Caroline Corlier, chargée de mission de l’Agence régionale de santé qui compile les résultats

Dès qu’une personne testée, dépasse la valeur toxique de référence, elle intègre un parcours de prise en charge.

Il y a un premier bilan à domicile, pour évaluer les modes de vie et de consommations alimentaires, puis des ateliers collectifs pour travailler sur les modes alimentaires. D’autres ateliers pour apprendre à cultiver hors-sol par exemple, peuvent-être envisagés.

Caroline Corlier, chargée de mission de l’Agence régionale de santé qui compile les résultats

Et pour cause, il serait possible d’éliminer naturellement son exposition à la chlordécone. Mme Corlier, indique que des tests sont proposés aux personnes contaminés, à 9 puis 18 mois, pour noter l’évolution et voir l’impact du programme de l’ARS après quelques temps. 
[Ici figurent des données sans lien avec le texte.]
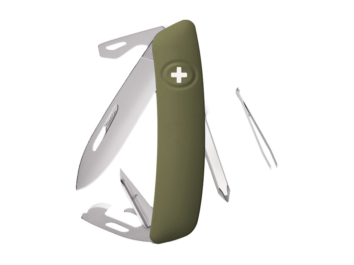 Navaja con la hoja es de acero inoxidable 440 con una dureza de 57 HRC. Se esconde dentro de un mango de 95 mm con cachas de agarre suave. Las cachas garantizan un agarre cómodo. La hoja del cuchillo se desliza fácilmente hacia fuera. Luego se oculta al liberar el seguro. Basta con pulsar el logotipo de Swiza.
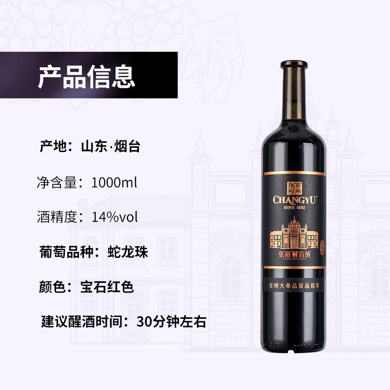 今天要给大家分享的是张裕葡萄酒满意的,价格也很合理的。这个商品的外观设计非常吸引人,给人一种高级感。

Nombreux sont les guadeloupéens qui cultivent leur jardin pour leur consommation personnelle. Depuis 2009, ceux qui le souhaitent ont également “la possibilité de faire tester leur parcelle” gratuitement, explique Guillaume Pompougnac, chef du projet Jafa pour jardins familiaux. Des équipes viennent à leur domicile prélever des carottes de terre qui sont par la suite analysées pour connaître le taux de chlordécone qu’elles contiennent. Si la terre est contaminée il faut éviter de planter des légumes racines comme l’igname. Ces données ont permis d’établir une cartographie: “les terres les plus polluées sont celles qui ont servi à la culture de la banane depuis les années 1970. Mais il n’est pas impossible, loin de là, que le pesticide ait été utilisé sur d’autres cultures”, selon le programme Jafa.

Par ailleurs, la chlordécone fait toujours l’objet de nombreuses recherches. A l’université des Antilles, une étude sur du charbon actif à base de sargasses avait donné des résultats positifs en matière de dépollution des sols notamment. Une autre, lancée par l’Anses, s’intéresse aux modes de cuisson sur des aliments contaminés (racines, poissons, etc…), dans le but de mesurer l’incidence.